*** Opening MATERIAL SHOWN ***
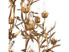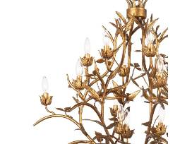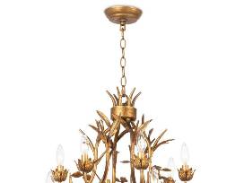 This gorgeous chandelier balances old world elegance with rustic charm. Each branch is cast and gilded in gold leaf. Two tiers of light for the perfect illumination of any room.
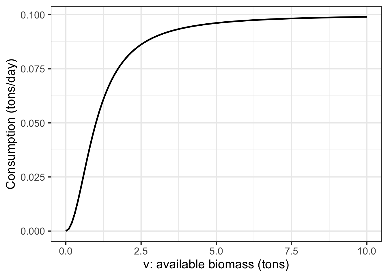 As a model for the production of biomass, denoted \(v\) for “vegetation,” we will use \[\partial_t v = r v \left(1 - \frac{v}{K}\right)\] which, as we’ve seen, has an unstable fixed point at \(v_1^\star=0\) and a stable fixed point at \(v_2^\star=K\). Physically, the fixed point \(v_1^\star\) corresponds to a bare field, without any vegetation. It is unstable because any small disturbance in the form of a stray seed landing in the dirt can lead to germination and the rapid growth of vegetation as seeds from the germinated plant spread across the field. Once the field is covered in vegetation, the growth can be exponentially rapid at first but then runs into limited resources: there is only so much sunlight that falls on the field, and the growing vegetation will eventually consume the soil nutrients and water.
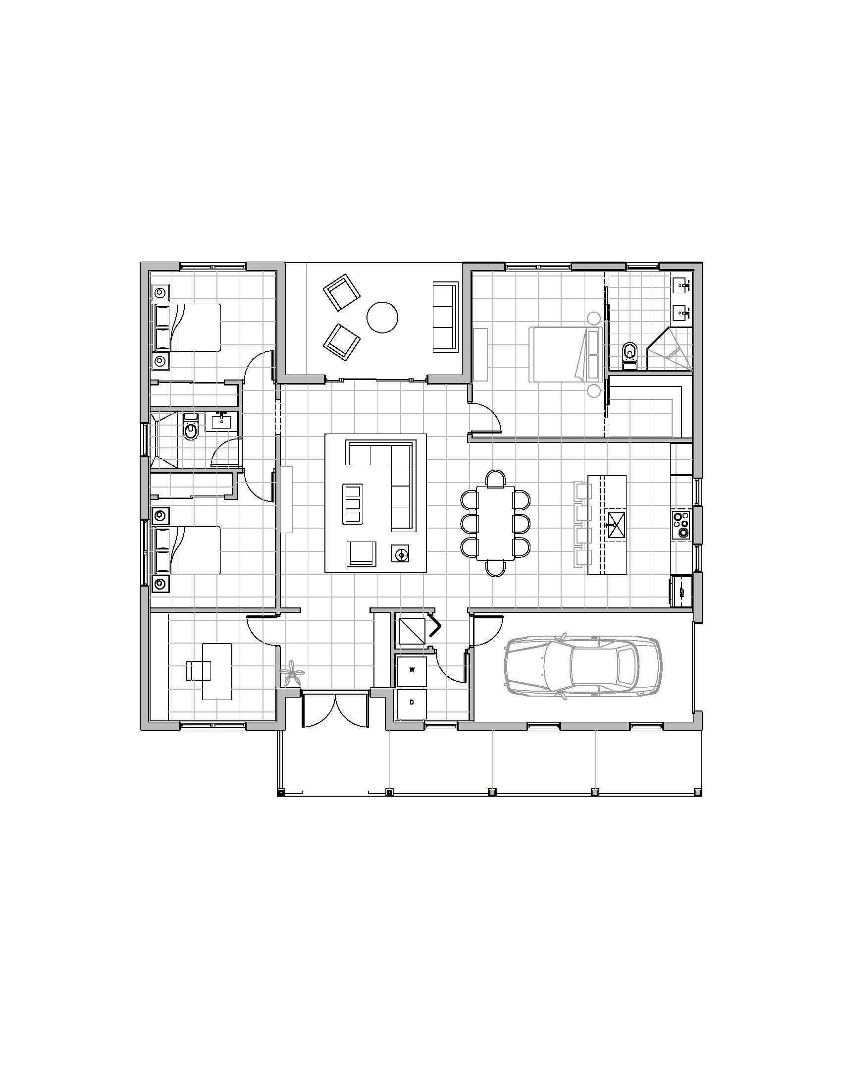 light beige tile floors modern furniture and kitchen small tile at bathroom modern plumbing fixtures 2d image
*** Closing MATERIAL SHOWN ***
*** Opening MATERIAL SHOWN ***
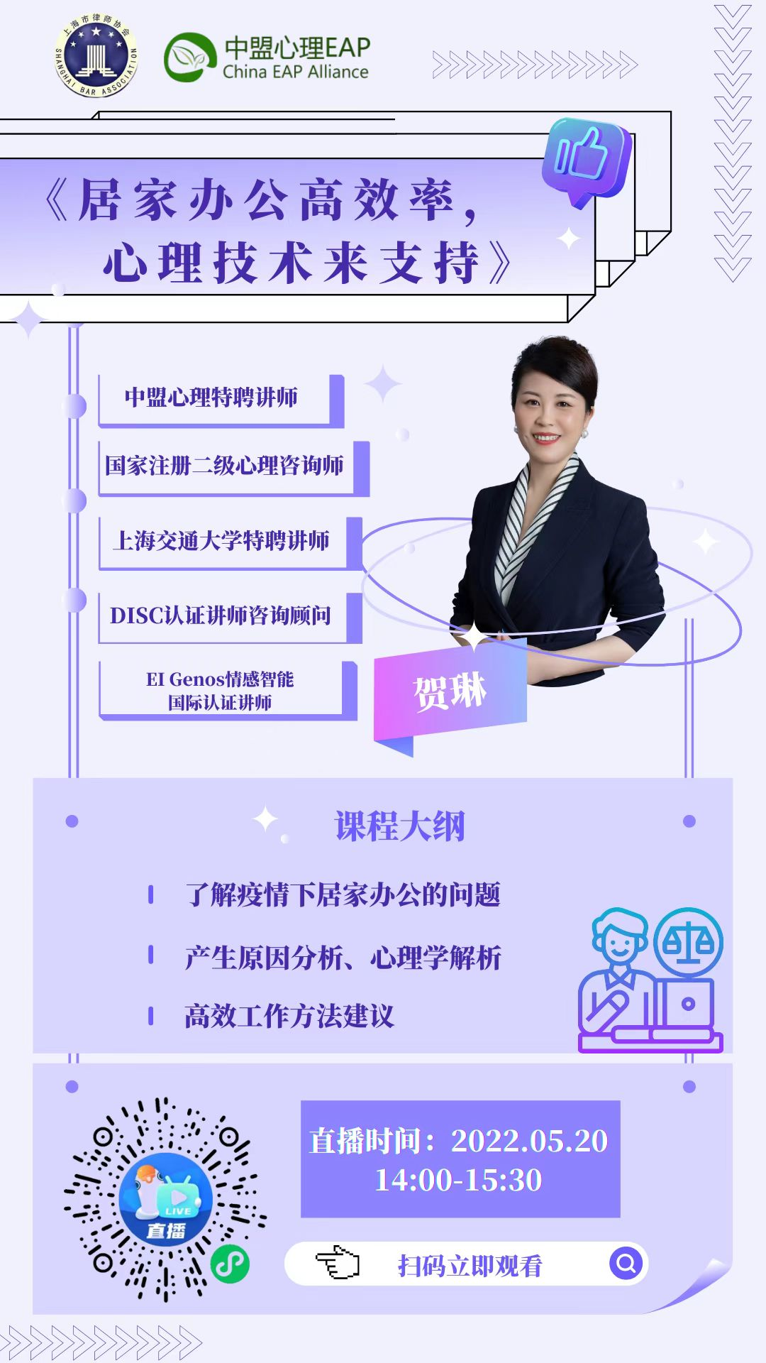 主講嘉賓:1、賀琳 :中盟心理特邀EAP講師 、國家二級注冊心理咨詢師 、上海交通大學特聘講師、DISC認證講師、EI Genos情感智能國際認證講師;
*** Closing MATERIAL SHOWN ***
Each line above from the one containing "This gorgeous chandelier" through the one containing "light beige tile" is to be returned verbatim. Nothing else, and no pictures.

TASK SOLUTION:
 This gorgeous chandelier balances old world elegance with rustic charm. Each branch is cast and gilded in gold leaf. Two tiers of light for the perfect illumination of any room.
 As a model for the production of biomass, denoted \(v\) for “vegetation,” we will use \[\partial_t v = r v \left(1 - \frac{v}{K}\right)\] which, as we’ve seen, has an unstable fixed point at \(v_1^\star=0\) and a stable fixed point at \(v_2^\star=K\). Physically, the fixed point \(v_1^\star\) corresponds to a bare field, without any vegetation. It is unstable because any small disturbance in the form of a stray seed landing in the dirt can lead to germination and the rapid growth of vegetation as seeds from the germinated plant spread across the field. Once the field is covered in vegetation, the growth can be exponentially rapid at first but then runs into limited resources: there is only so much sunlight that falls on the field, and the growing vegetation will eventually consume the soil nutrients and water.
 light beige tile floors modern furniture and kitchen small tile at bathroom modern plumbing fixtures 2d image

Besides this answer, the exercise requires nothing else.